Work order: Print the records below exactly, from the line containing "Grunge PROSTATE CANCER" down to the line containing "Jeans skinny femme, HPK, taille", both lines included, and omit every picture.

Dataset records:
Content starts
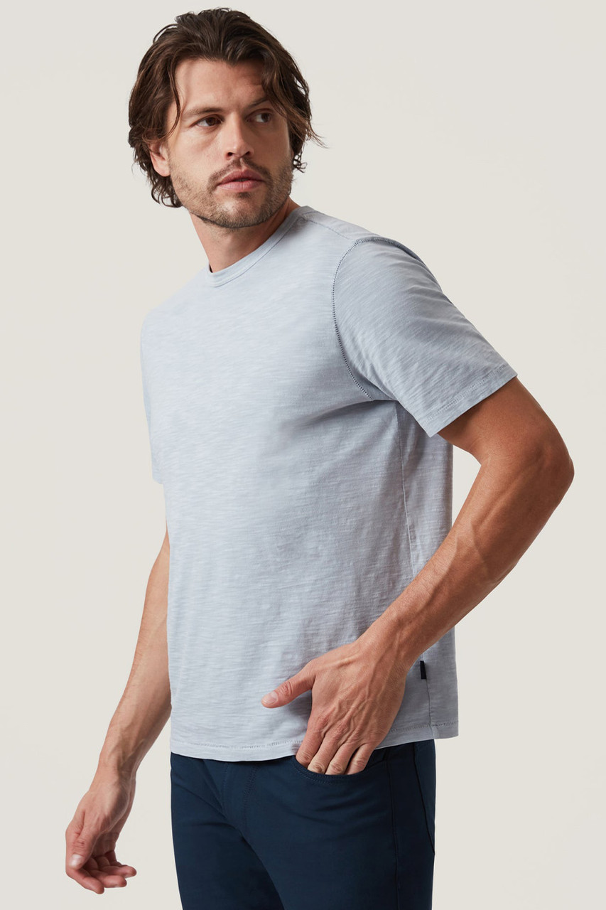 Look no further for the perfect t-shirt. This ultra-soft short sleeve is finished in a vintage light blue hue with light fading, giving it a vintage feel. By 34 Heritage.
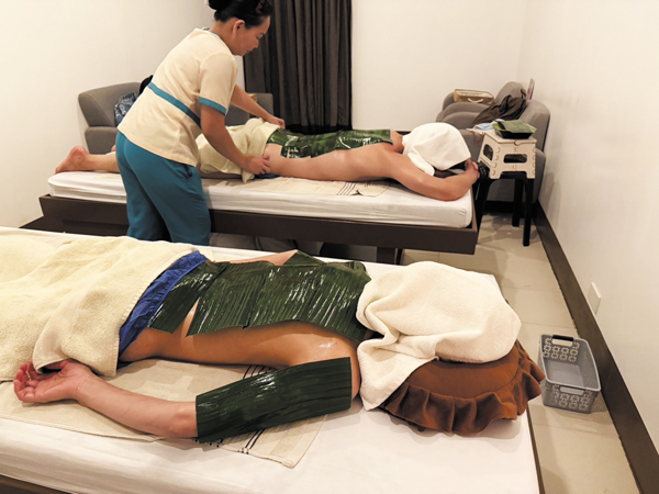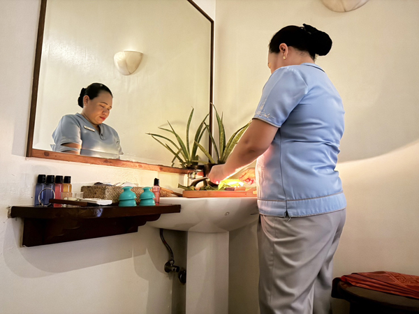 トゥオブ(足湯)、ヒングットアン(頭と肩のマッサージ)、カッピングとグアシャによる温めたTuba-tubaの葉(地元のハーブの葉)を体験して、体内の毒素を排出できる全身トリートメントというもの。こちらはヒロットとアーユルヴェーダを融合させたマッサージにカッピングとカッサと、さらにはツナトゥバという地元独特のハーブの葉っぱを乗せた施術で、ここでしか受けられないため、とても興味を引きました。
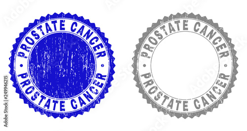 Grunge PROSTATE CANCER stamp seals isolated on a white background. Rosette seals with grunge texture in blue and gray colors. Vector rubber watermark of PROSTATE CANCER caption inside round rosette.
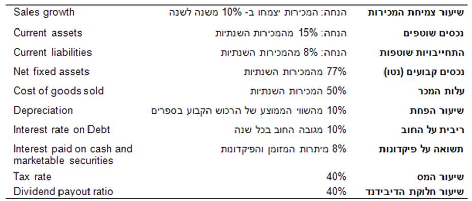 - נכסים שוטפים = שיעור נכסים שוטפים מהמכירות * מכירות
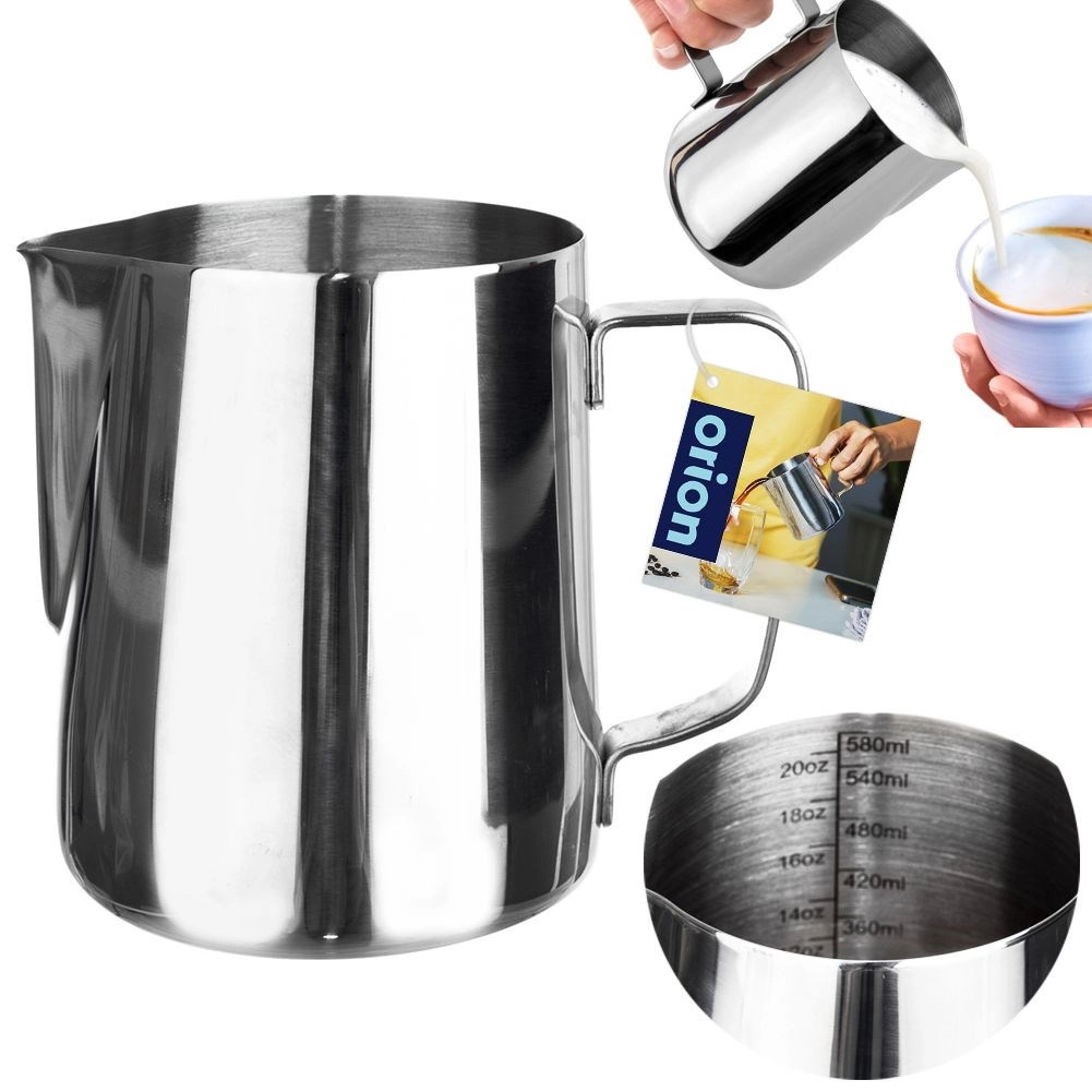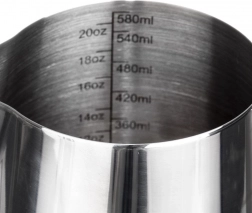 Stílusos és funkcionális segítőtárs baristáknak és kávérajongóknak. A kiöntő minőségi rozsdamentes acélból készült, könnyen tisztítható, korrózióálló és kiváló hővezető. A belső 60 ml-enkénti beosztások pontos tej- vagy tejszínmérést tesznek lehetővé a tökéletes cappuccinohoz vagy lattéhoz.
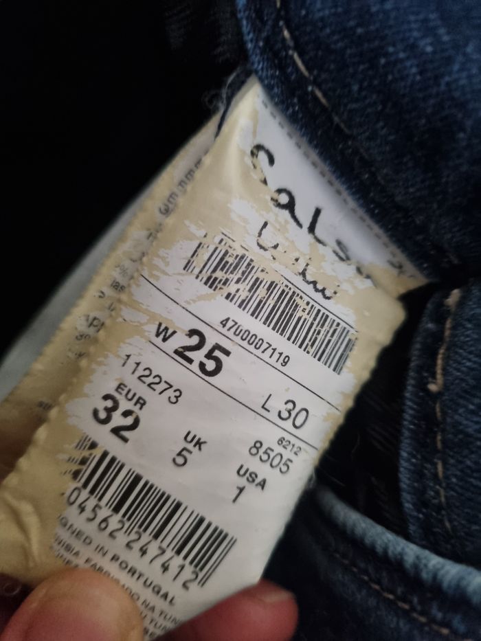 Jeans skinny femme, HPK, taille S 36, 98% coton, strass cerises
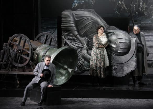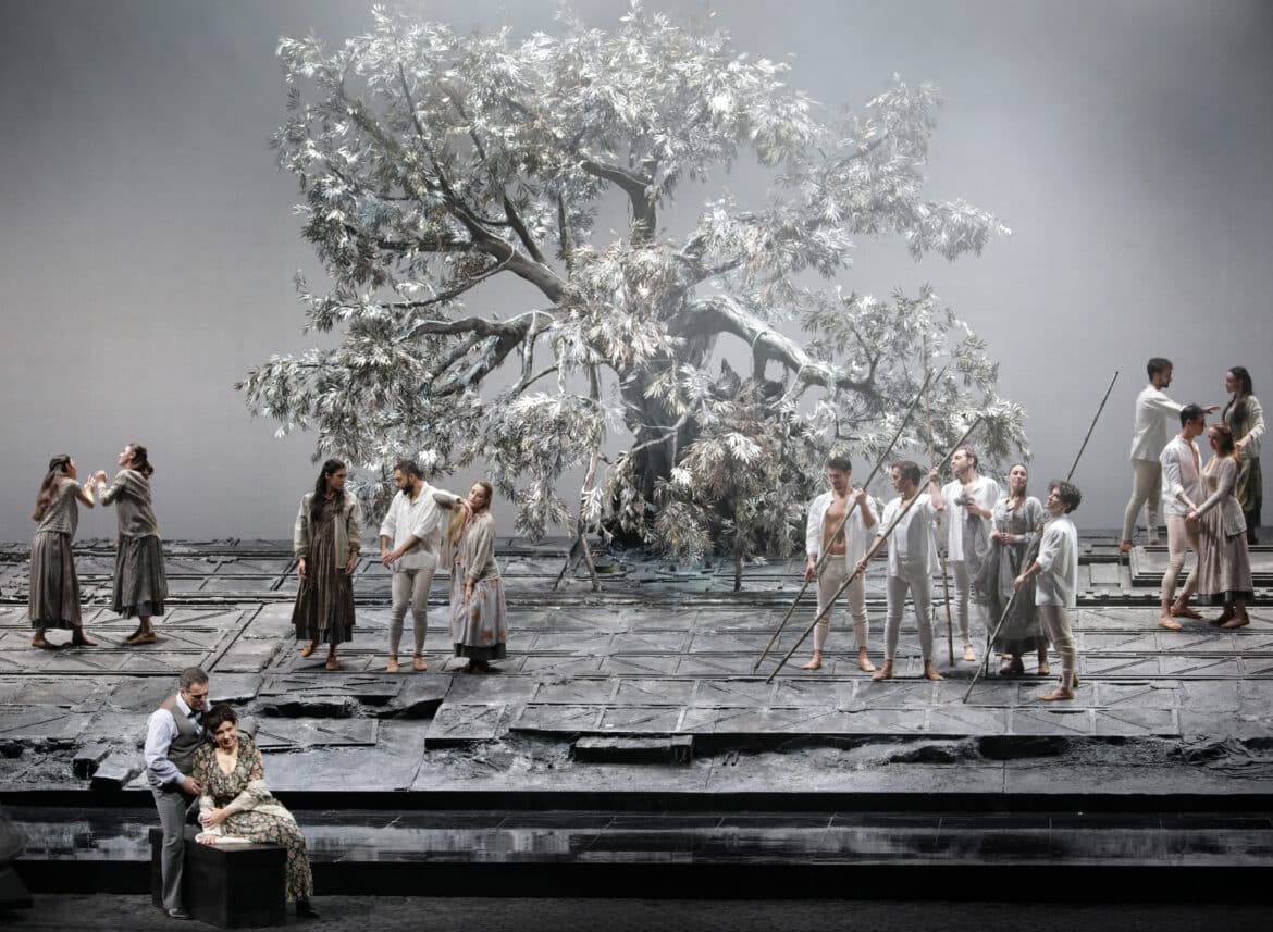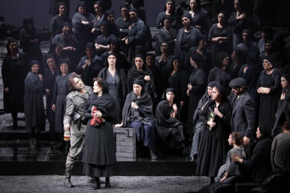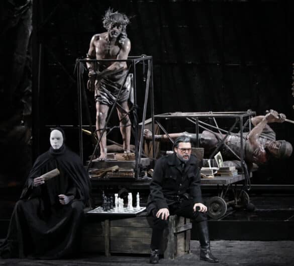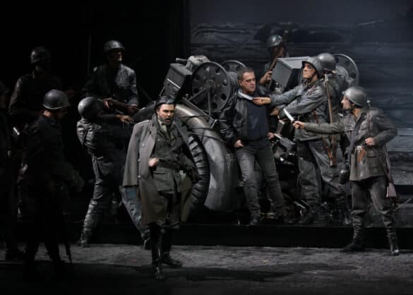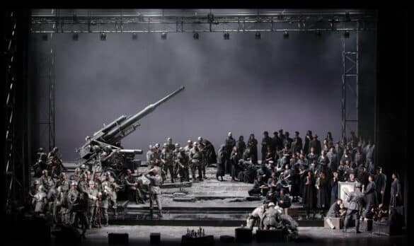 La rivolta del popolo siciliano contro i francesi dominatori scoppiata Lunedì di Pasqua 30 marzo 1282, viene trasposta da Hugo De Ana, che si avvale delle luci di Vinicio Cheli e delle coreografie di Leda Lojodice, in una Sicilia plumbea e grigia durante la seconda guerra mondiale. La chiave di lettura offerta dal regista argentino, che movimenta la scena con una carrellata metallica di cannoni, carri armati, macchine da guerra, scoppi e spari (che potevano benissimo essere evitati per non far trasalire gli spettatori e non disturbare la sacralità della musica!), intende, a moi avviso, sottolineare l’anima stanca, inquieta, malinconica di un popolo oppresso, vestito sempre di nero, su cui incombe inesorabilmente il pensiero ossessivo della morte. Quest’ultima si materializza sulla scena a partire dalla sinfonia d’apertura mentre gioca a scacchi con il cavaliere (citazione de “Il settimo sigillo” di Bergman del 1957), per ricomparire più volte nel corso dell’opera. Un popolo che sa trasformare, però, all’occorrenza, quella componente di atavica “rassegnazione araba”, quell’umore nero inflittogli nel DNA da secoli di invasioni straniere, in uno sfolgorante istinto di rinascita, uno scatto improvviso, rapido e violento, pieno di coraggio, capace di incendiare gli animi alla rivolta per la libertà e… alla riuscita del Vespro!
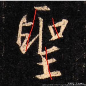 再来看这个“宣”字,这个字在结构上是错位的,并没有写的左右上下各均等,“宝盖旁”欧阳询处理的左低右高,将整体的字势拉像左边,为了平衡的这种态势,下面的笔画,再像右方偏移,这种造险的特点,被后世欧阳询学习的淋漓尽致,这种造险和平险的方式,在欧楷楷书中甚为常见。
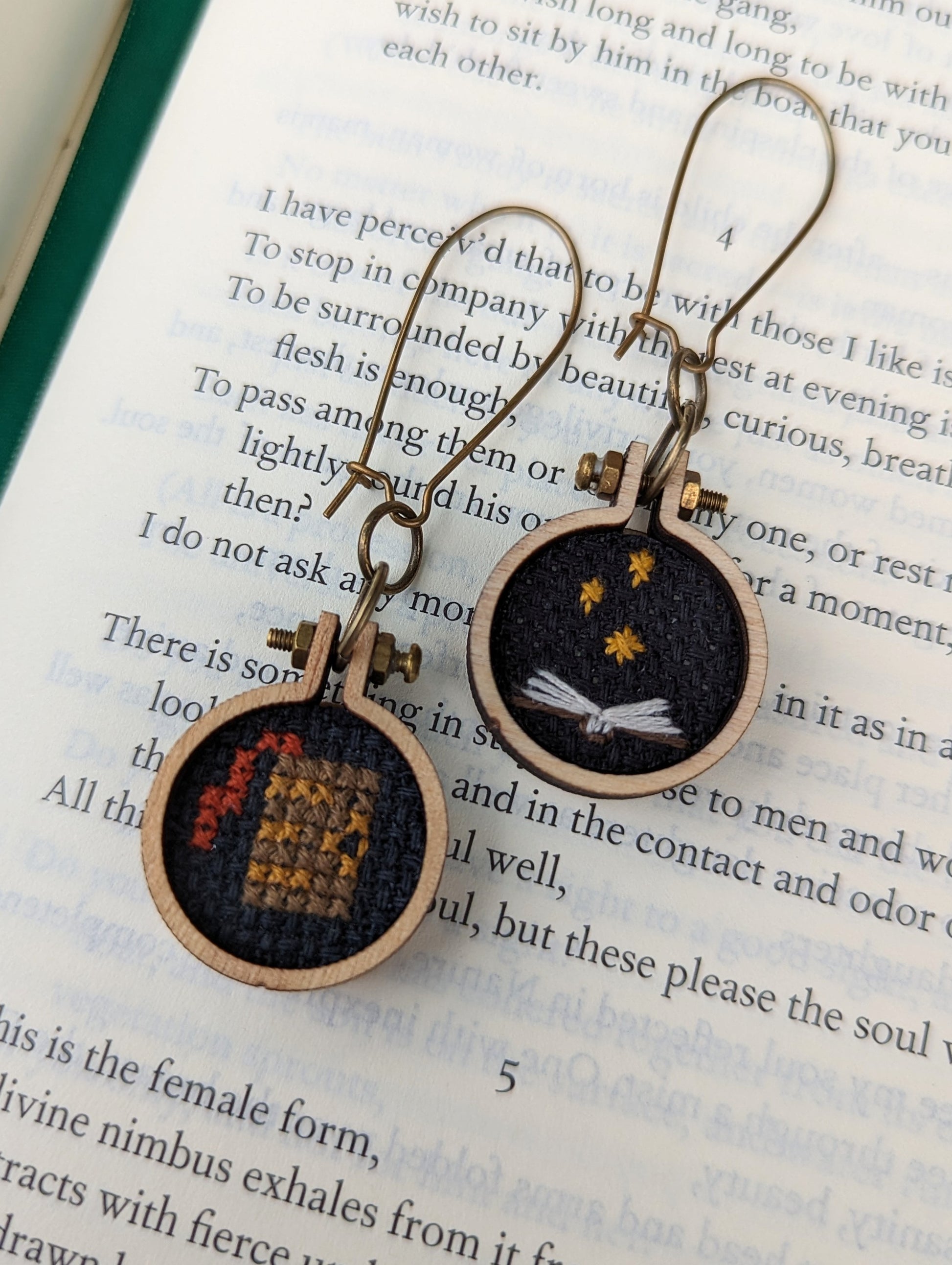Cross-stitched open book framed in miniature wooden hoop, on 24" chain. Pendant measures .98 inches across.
Content ends
Answer section:
 Grunge PROSTATE CANCER stamp seals isolated on a white background. Rosette seals with grunge texture in blue and gray colors. Vector rubber watermark of PROSTATE CANCER caption inside round rosette.
 - נכסים שוטפים = שיעור נכסים שוטפים מהמכירות * מכירות
 Stílusos és funkcionális segítőtárs baristáknak és kávérajongóknak. A kiöntő minőségi rozsdamentes acélból készült, könnyen tisztítható, korrózióálló és kiváló hővezető. A belső 60 ml-enkénti beosztások pontos tej- vagy tejszínmérést tesznek lehetővé a tökéletes cappuccinohoz vagy lattéhoz.
 Jeans skinny femme, HPK, taille S 36, 98% coton, strass cerises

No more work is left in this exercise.